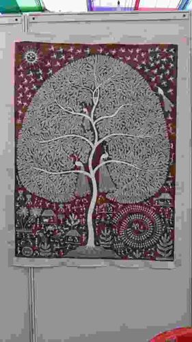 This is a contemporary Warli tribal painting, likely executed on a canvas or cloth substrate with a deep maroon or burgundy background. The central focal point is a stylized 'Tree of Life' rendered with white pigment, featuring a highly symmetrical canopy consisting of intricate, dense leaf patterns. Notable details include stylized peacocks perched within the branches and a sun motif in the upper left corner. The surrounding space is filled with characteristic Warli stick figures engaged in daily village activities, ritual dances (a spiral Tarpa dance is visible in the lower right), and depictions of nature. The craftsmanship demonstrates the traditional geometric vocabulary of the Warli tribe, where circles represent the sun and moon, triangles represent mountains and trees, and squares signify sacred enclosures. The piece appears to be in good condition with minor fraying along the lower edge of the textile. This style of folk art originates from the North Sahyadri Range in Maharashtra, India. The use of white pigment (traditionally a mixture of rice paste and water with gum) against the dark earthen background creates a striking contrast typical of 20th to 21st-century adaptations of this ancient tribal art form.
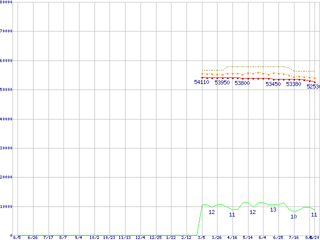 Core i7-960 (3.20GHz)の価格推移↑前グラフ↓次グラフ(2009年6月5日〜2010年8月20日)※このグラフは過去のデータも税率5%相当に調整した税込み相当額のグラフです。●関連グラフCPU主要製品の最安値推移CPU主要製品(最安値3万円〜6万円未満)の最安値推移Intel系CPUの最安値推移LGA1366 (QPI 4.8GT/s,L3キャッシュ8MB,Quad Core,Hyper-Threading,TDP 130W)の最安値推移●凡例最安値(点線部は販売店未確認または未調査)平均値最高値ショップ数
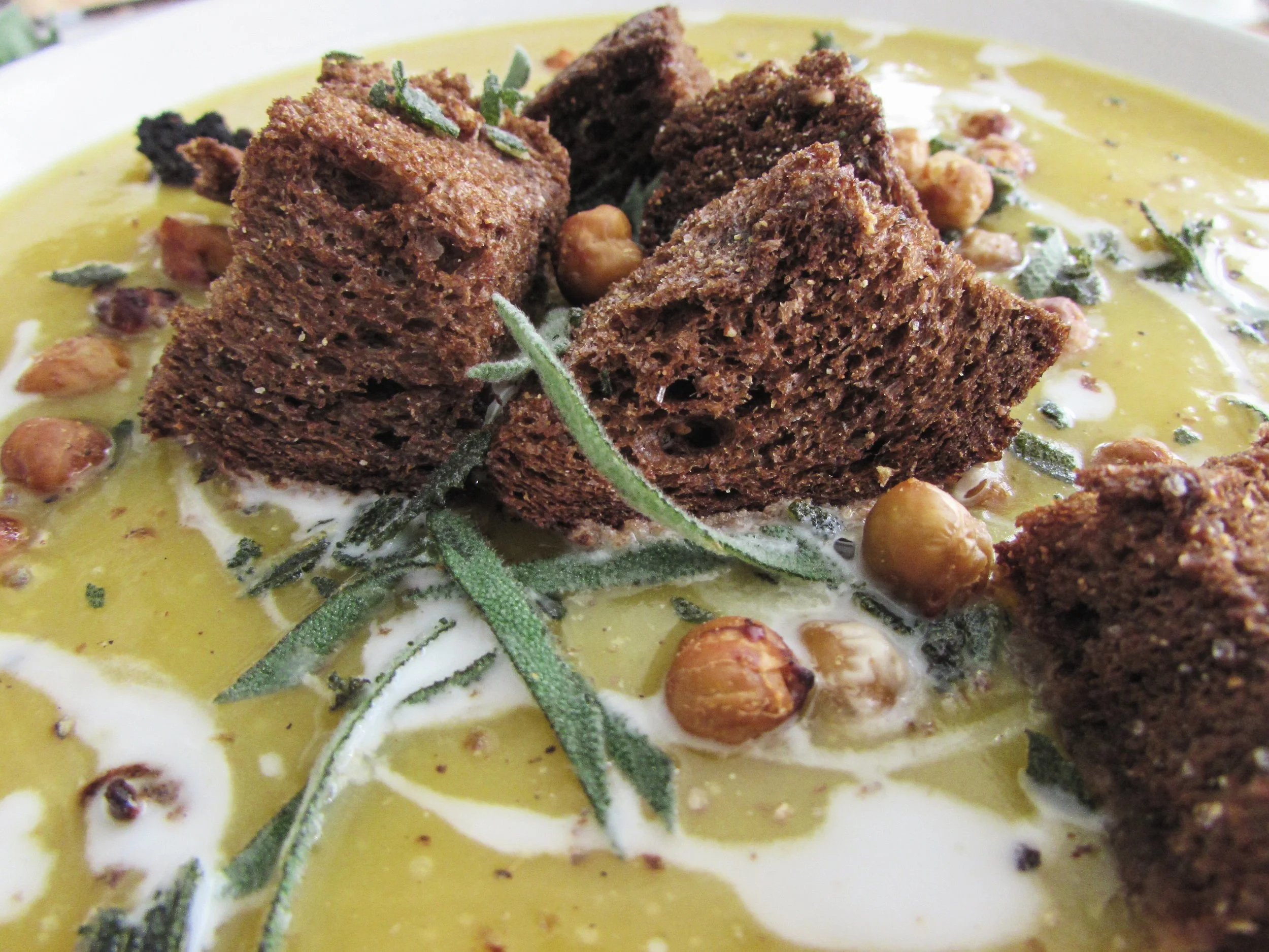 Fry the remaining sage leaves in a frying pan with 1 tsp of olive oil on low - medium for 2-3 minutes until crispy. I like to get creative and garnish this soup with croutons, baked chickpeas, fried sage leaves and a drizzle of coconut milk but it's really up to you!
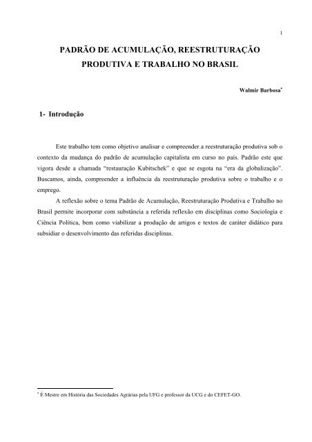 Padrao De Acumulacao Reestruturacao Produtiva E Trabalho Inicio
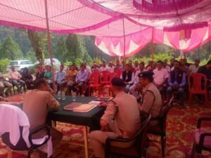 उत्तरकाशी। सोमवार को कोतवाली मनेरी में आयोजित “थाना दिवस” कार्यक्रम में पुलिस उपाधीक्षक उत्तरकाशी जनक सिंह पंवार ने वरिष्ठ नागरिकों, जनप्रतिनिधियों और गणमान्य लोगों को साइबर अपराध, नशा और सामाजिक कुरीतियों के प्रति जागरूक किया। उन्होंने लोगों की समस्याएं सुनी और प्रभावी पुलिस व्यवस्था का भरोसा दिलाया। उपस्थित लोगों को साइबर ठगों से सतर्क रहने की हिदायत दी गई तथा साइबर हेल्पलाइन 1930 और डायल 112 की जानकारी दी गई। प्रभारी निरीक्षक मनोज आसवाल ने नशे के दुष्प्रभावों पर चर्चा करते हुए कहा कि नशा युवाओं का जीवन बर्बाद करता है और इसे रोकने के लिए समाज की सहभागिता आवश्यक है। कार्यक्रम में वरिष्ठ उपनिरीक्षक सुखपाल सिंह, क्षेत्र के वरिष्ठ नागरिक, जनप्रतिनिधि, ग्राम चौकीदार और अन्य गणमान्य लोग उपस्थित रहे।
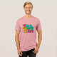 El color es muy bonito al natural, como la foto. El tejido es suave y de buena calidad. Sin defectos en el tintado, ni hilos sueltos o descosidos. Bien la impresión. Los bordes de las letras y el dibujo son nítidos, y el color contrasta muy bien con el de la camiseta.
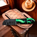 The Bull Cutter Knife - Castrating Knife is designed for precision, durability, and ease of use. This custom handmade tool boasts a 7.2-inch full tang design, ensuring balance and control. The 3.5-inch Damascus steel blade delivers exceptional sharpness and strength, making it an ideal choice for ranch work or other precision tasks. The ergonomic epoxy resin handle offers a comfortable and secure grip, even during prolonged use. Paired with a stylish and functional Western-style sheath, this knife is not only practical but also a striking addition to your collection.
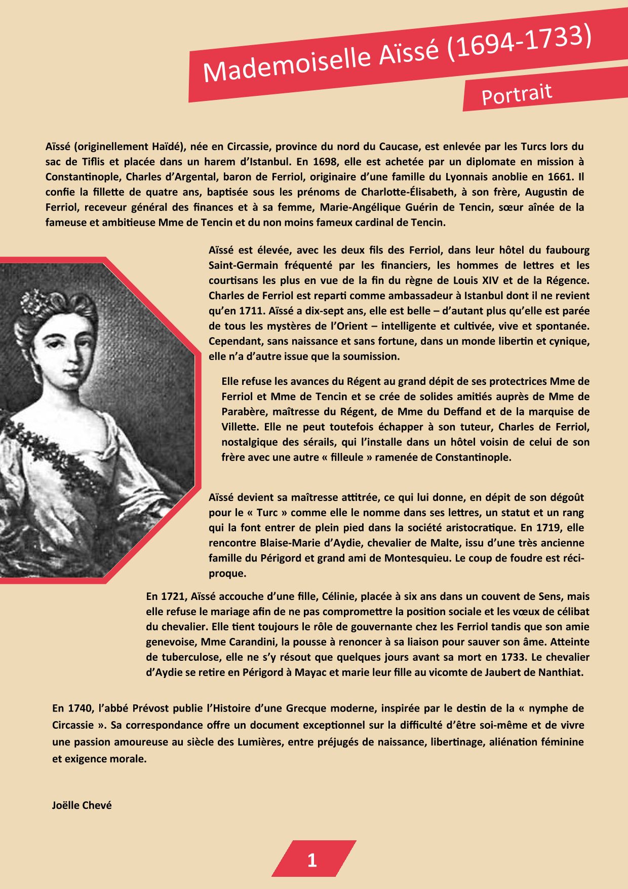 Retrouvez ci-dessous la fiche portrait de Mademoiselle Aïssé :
---
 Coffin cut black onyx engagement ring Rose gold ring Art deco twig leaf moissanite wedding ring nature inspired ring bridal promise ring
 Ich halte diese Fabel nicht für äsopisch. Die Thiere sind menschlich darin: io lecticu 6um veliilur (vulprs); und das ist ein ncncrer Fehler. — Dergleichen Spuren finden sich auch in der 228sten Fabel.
* * *
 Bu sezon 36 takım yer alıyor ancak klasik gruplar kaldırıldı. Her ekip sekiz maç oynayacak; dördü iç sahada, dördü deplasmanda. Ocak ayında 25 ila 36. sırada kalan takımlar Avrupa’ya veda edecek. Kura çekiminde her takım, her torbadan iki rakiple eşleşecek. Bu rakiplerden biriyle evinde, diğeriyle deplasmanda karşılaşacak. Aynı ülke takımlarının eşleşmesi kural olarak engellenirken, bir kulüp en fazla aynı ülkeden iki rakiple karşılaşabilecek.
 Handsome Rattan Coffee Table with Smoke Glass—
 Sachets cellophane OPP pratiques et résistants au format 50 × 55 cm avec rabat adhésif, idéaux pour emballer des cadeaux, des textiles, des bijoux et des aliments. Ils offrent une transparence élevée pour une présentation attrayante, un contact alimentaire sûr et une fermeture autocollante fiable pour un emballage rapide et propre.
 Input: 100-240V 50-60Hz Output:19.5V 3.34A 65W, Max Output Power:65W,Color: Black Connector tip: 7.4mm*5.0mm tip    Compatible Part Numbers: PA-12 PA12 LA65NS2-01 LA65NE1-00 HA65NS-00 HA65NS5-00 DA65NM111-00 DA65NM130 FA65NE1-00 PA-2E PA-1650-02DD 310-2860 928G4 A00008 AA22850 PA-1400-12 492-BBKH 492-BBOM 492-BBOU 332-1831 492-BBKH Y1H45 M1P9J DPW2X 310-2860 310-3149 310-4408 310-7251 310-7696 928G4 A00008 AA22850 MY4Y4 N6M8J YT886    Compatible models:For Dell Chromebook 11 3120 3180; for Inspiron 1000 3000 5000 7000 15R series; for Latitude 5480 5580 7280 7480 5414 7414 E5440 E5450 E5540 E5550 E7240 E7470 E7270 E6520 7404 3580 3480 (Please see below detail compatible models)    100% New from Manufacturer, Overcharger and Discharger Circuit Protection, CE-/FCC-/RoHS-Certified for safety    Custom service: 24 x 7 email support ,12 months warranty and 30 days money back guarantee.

**EXERCISE BRIEF**
Write out exactly the lines above between the one with "उत्तरकाशी। सोमवार को" and the one with "El color es", inclusive, with pictures left out.

**YOUR RESPONSE**
 उत्तरकाशी। सोमवार को कोतवाली मनेरी में आयोजित “थाना दिवस” कार्यक्रम में पुलिस उपाधीक्षक उत्तरकाशी जनक सिंह पंवार ने वरिष्ठ नागरिकों, जनप्रतिनिधियों और गणमान्य लोगों को साइबर अपराध, नशा और सामाजिक कुरीतियों के प्रति जागरूक किया। उन्होंने लोगों की समस्याएं सुनी और प्रभावी पुलिस व्यवस्था का भरोसा दिलाया। उपस्थित लोगों को साइबर ठगों से सतर्क रहने की हिदायत दी गई तथा साइबर हेल्पलाइन 1930 और डायल 112 की जानकारी दी गई। प्रभारी निरीक्षक मनोज आसवाल ने नशे के दुष्प्रभावों पर चर्चा करते हुए कहा कि नशा युवाओं का जीवन बर्बाद करता है और इसे रोकने के लिए समाज की सहभागिता आवश्यक है। कार्यक्रम में वरिष्ठ उपनिरीक्षक सुखपाल सिंह, क्षेत्र के वरिष्ठ नागरिक, जनप्रतिनिधि, ग्राम चौकीदार और अन्य गणमान्य लोग उपस्थित रहे।
 El color es muy bonito al natural, como la foto. El tejido es suave y de buena calidad. Sin defectos en el tintado, ni hilos sueltos o descosidos. Bien la impresión. Los bordes de las letras y el dibujo son nítidos, y el color contrasta muy bien con el de la camiseta.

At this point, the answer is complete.